Disclaimer:
This isn’t a guide, this post just outlines my approach at achieving a solution.
Our observability stack currently runs on a series of EC2 nodes. In an effort to improve scalability and management of the various components for Grafana we are moving to deploy this via Kubernetes
Stateful vs Stateless
One prominent question that I wanted to visit was the idea of managing Grafana resources statefully vs stateless. While I do prefer the stateless strategy here (managing alerts, dashboards other resources in code versus using storage, and because everything is in code we only need to worry about storage for our metrics/logging data), I believe the goal for this stack down the road is to enable teams to set their own alerting and dashboards. With that, it would make more sense for teams to interact with the UI to make these changes.
Planning work
- Set up a testing environment for deploying and testing changes quick
- Deploy our stack on k8s (no data involved)
- Grafana OnCall
- Grafana Alerting
- Grafana Server
- VictoriaMetrics Operator
- Loki
- Mimir
- Grafana OnCall
- Migrate less-involved services to k8s first
-
Deploy and configure chart for k8s
-
Test data storage, backups and restore from backups
-
Migration from Prometheus alerts to Grafana alerts
-
Additional services to integrate in the future
- Synthetic testing w/ K6
-
Migrating Grafana and Oncall
The first services we decided to cut over was grafana and oncall. The current setup runs the services on ec2 nodes with a local sqlite3 database.
- Migrate data over to Postgres
- Test existing setup on postgres
- Migrate to helm chart
Optional:
- Update
- Enable feature toggle
externalServiceAccounts
Working with postgres
In order to verify and check the data I was working with, I ran a postgres test pod, with the appropriate db information mounted to the environment and connected via:
psql postgres://$DATABASE_USER:$DATABASE_PASSWORD@$DATABASE_HOST:$DATABASE_PORT/$DATABASE_NAME
Migrating Grafana
There were a few references online for migrating Grafana from an existing sqlitedb.
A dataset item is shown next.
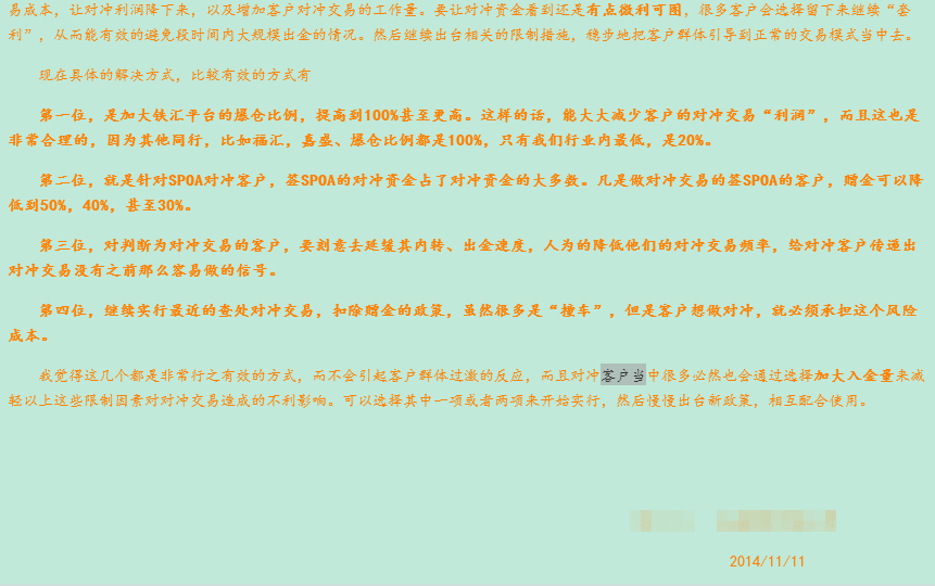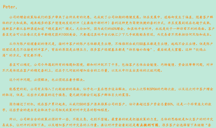9月初,汇商收到一位铁汇中国区前员工来信,称在2014年铁汇尚未全面爆发危机之前,内部已经开始意识到“赠金套利”的严重性。这位员工曾向当时的铁汇中国区负责人Peter Han“上书”,阐述了当时业务形式及运营模式的弊端,并提出诸如“加大铁汇平台的爆仓比例”等应对方案。遗憾的是,事情很快发展到无可挽回的地步,最终导致铁汇在中国市场全面大溃败。

The general consensus was the following:
- Have a fresh instance of grafana generate schemas for the database
- Wipe data in tables and re-import via a tool such as
pgloader
By following this approach, I was able to import Grafana database to postgres fairly seemlessly using the following main.load
:
load database
from sqlite://grafana.db
into ${DB_CONNECTION_STRING}?sslmode=allow
with data only, truncate, disable triggers, reset sequences, prefetch rows=1000
set work_mem to '2048 MB', maintenance_work_mem to '4096 MB'
Following this, I updated the grafana configuration to reference the new postgres secrets:
[database]
type = postgres
host = ${GRAFANA_POSTGRES_HOST}:${GRAFANA_POSTGRES_PORT}
name = ${GRAFANA_POSTGRES_DB_NAME}
user = ${GRAFANA_POSTGRES_USER}
password = ${GRAFANA_POSTGRES_PASSWORD}
ssl_mode = require
That’s it! Time to move on to grafana-oncall. Surely, this should go similarly … right?
Wrong.
The default conversion from bigint to interval treats the value as a measure of seconds when in reality it is a measure of microseconds. This causes the values in this field to bubble up to extremely large intervals.
Converting between response_time
stored as bigint
on sqlite3 to interval
:
CREATE TABLE EMPLOYEE (
empId INTEGER PRIMARY KEY,
name TEXT NOT NULL,
dept TEXT NOT NULL,
time INTERVAL NOT NULL
);
-- alter table the_table
-- alter amount type bigint using (amount * 100)::bigint;
INSERT INTO EMPLOYEE VALUES (0001, 'Clark', 'Sales', '2501:00:00'::INTERVAL);
SELECT EXTRACT(EPOCH FROM time) from EMPLOYEE;
ALTER TABLE EMPLOYEE
ALTER time type INTERVAL using EXTRACT(EPOCH FROM time) * '1 microsecond'::INTERVAL;
SELECT time from EMPLOYEE;
SELECT EXTRACT(EPOCH FROM time) from EMPLOYEE;
Placing this on hold for now as we determined our current k8s setup isnt as reliable as we need it to be, especially for this critical service stack. We will need to invest some time in building up a resilient and reliable cluster before moving forward with moving the migration.